Deezer brings B2B services under one brand, expands AI detection offering
French music streaming company Deezer has reorganised its business-to-business activities under a single brand, Deezer for Business, bringing together its partnerships, advertising and technology licensing operations.
Deezer chief commercial officer Julien Delbourg.
The Paris-based company said the platform would also make its AI music detection technology commercially available to third parties through the new business unit.
The move comes days after Deezer reported its first full-year net profit for 2025, as the company looks to expand revenue beyond consumer subscriptions.
According to Deezer, the new B2B structure will operate across five areas:
- Deezer for Partners, which allows telecoms companies and retailers to bundle Deezer with their consumer offers
- Deezer Music as a Service, which provides a licensed catalogue and technology for companies building their own streaming products
- Deezer for Advertisers, an audio advertising platform serving Deezer and partner audio services
- Deezer for Professionals, which supplies licensed music for physical venues
- Deezer AI Detection, which identifies and tags AI-generated tracks and is now being offered to outside organisations
Deezer chief commercial officer Julien Delbourg, said the company was consolidating services it had built over many years.
“For more than 15 years, Deezer has helped brands create differentiation and build meaningful consumer relationships through the power of music, and with the launch of Deezer for Business we’re now taking the next step on this journey, ready to meet any use case and deliver measurable impact for our partners,” he said.
Speaking at a press conference, Delbourg said the new structure was intended to present Deezer’s existing B2B operations more clearly.
“We’ve been building muscles over the past 20 years, and it’s been core to the company close to its beginnings,” he said. “It’s one platform, one brand, built around five solutions, supported by those 20 years of expertise.”
Deezer said its AI detection tool, first launched in January 2025, would now be licensed more widely. The company has said it remains the only streaming service actively detecting and labelling AI-generated music on its platform.

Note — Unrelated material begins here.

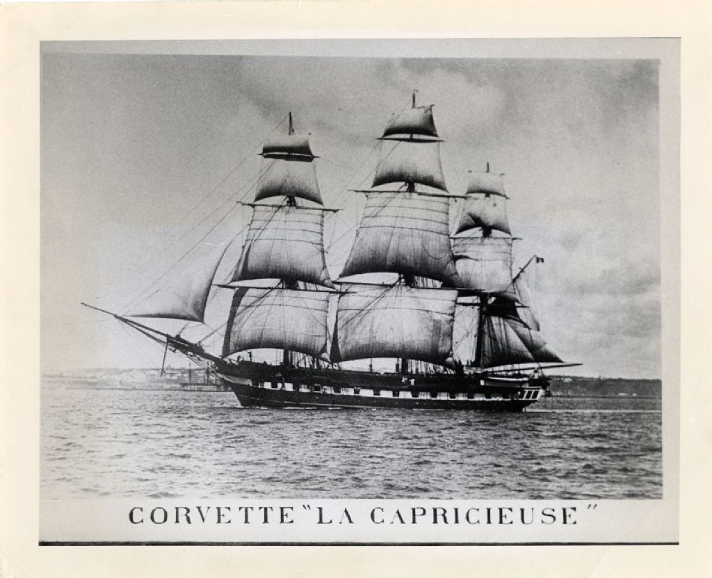 Reproduction photographique d'une épreuve ancienne du navire sur le fleuve Saint-Laurent. Voir la page couverture de l''édition de l'Action catholique du 14 juillet 1955

In January 2026, Deezer said it was receiving about 60,000 fully AI-generated tracks each day, representing around 39% of all daily music deliveries to the service. The company said up to 85% of streams on that content had been identified as fraudulent, demonetised and removed from the royalty pool.
It added that the technology had already been licensed commercially, including to French collecting society Sacem.
The announcement follows Deezer’s latest financial results, published on 18 March, which showed net income of €8.5 million for the 2025 financial year, compared with a €26 million loss the year before.
Although total subscribers fell 6.5% year on year to 9.1 million, the company said direct subscribers rose 8.3% to 5.7 million. Partnership subscribers, by contrast, fell 24.2% to 3.4 million.
Deezer’s “other” revenue segment, which includes advertising, white-label services and related income, rose 17.9% to €34.2 million in 2025. The company said this growth was driven largely by Sonos Radio and the expansion of its white-label business.
Delbourg said Deezer for Professionals, the newest business segment, had been launched as a pilot in 2025 and had signed up more than 300 customers during testing.
Separately, Deezer also announced an extension of its partnership with US speaker maker Sonos. Under the renewed deal, Deezer will continue to power Sonos Radio and Sonos Radio HD, while adding programmatic advertising through its new Deezer Ad Exchange.